Vietnam has had previous experience of Sars and implemented a model response. Its government rapidly launched a communications campaign, including a viral song about the importance of hand washing. In mid March it made masks compulsory for all people outdoors. It implemented a strict nationwide lockdown on 1 April. It quarantined hundreds of thousands suspected to have Covid-19. It used pooled sampling – mixing the blood samples of five or six then testing it, going on to test them individually if there was a positive result, rapidly increasing the speed at which it could give the all clear to groups.
It has even developed four candidate vaccines domestically, one of which is in human trials. The economy has seen clear benefits: it will be one of the few in the region to grow this year, with the IMF expecting 1.8%. Government’s response has had 97% approval ratings in polls.
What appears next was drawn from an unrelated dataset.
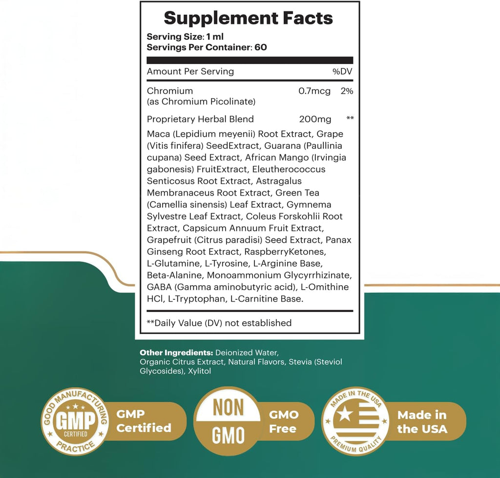 GlucoTonic is a plant-powered liquid supplement designed to support your daily wellness routine through a balanced blend of botanicals, nutrients, and amino acids. With just one milliliter per day, it offers a straightforward and natural way to stay on track with your wellness goals. This formula includes chromium picolinate, along with 24 carefully selected ingredients such as maca root, grape seed extract, African mango, guarana, gymnema leaf, green tea, and a variety of supportive amino acids like L-Glutamine and L-Tyrosine. These ingredients are well-regarded in traditional wellness practices and are brought together to offer a broad spectrum of support for energy, focus, and metabolic balance. GlucoTonic is sweetened with stevia and xylitol for a clean taste and is completely free from GMOs, artificial stimulants, and synthetic additives. Its liquid format makes it an easy alternative to pills or powders—just measure, take, and go. Whether you take it directly or mix it with water, the formula is designed for smooth daily use. When taken consistently, GlucoTonic can help you feel more centered and balanced in your day-to-day life. It’s recommended to use the product regularly for several weeks as part of a long-term wellness plan. With its natural flavor and convenient dropper, GlucoTonic makes it easy to stay committed to feeling your best.

This provides some context on which South Africa’s performance can be judged. There are some achievement but other failures. We moved, initially, quite quickly in implementing a lockdown. We were not particularly well thought through out about it – particularly how lockdown can work in highly dense less formal settlements. There wasn’t good reason for this – thanks to the ARV rollout we do in fact have good distributed health information and support networks. These should have been part of the immediate response.
But we were particularly weak in the economic response. Among the relative strengths was the social grants and a cumbersome UIF system to support the most vulnerable. These could have been more targeted and efficient, but overall they did get money to where it was needed. However, we have been slow and halting in driving a full economic response. We were already on a weak footing with no fiscal space for government to move and an economy that has been shrinking in per capita terms for four years, but it was unacceptable that it took until late October to come up with an economic recovery plan. And the plan contains nothing that wasn’t known back in March – indeed, even earlier.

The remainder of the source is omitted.